Abstract 132: Roles of Angiotensin (1-7) And Angiotensin II Type 2 Receptor on Intracranial Aneurysmal Rupture

Abstract

Background and Purpose: Angiotensin (Ang) 1-7 is emerging as a new key player of the vascular renin-angiotensin system. Ang (1-7) generated from either Ang I or Ang II, acts to oppose the vasoconstrictor and proinflammatory actions of Ang II. However, which receptor Ang (1-7) activates still remains unclear. It has been suggested that Ang (1-7) mediates its effect via Mas receptor (MasR), although some suggest that it may also act at Ang II type 2 receptor (AT2R). Therefore, we hypothesized that Ang (1-7) has protective effect against aneurysmal rupture via MasR or AT2R. We tested this hypothesis by using our own established mouse model of intracranial aneurysm. Methods: Intracranial aneurysms were induced in male mice using a combination of a single injection of elastase into the cerebrospinal fluid and the deoxycorticosterone acetate (DOCA) salt hypertension (Figure 1). Six days after aneurysm induction, we started 2-week treatment with vehicle or Ang (1-7).

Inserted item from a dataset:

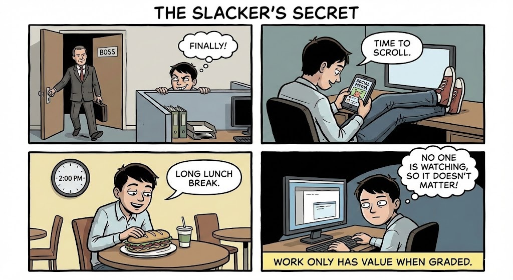 You wait for the boss to leave the office. The moment the door clicks shut, you open social media. You take a two-hour lunch. You slack off on your project. You think: “No one is watching, so it doesn’t matter!” You act as if your work only has value when somebody is grading it.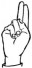 На ћирилици написано НИКОЛИНА ТЕОФИЛОВИЋ састоји се из 18 слова [?]. Исписано ћириличном једноручном азбуком за глувонеме:

MasR antagonist (A779) or AT2R antagonist (PD123319) was added to Ang (1-7) treatment. We induced aneurysms to AT2R knockout mice and treated them with vehicle or Ang (1-7) with the same protocol mentioned above. Aneurysmal rupture was detected by neurological symptoms and confirmed by the presence of intracranial aneurysms with subarachnoid hemorrhage. Results: Ang (1-7) reduced the incidence of ruptured aneurysms and rupture rate. AT2R antagonist but not MasR antagonist reversed the reduced rupture rate by Ang (1-7) (Figure 2, 3). To confirm whether the effect of Ang (1-7) is through the AT2R, we administered Ang (1-7) to AT2R knockout mice. Although there was no significant difference between wild type and AT2R knockout mice, Ang (1-7) was not effective against aneurysmal rupture in AT2R knockout mice (Figure 4, 5). Conclusion: Our results indicate that Ang (1-7) is protective against intracranial aneurysmal rupture and that its protective effect is exerted via AT2R rather than MasR.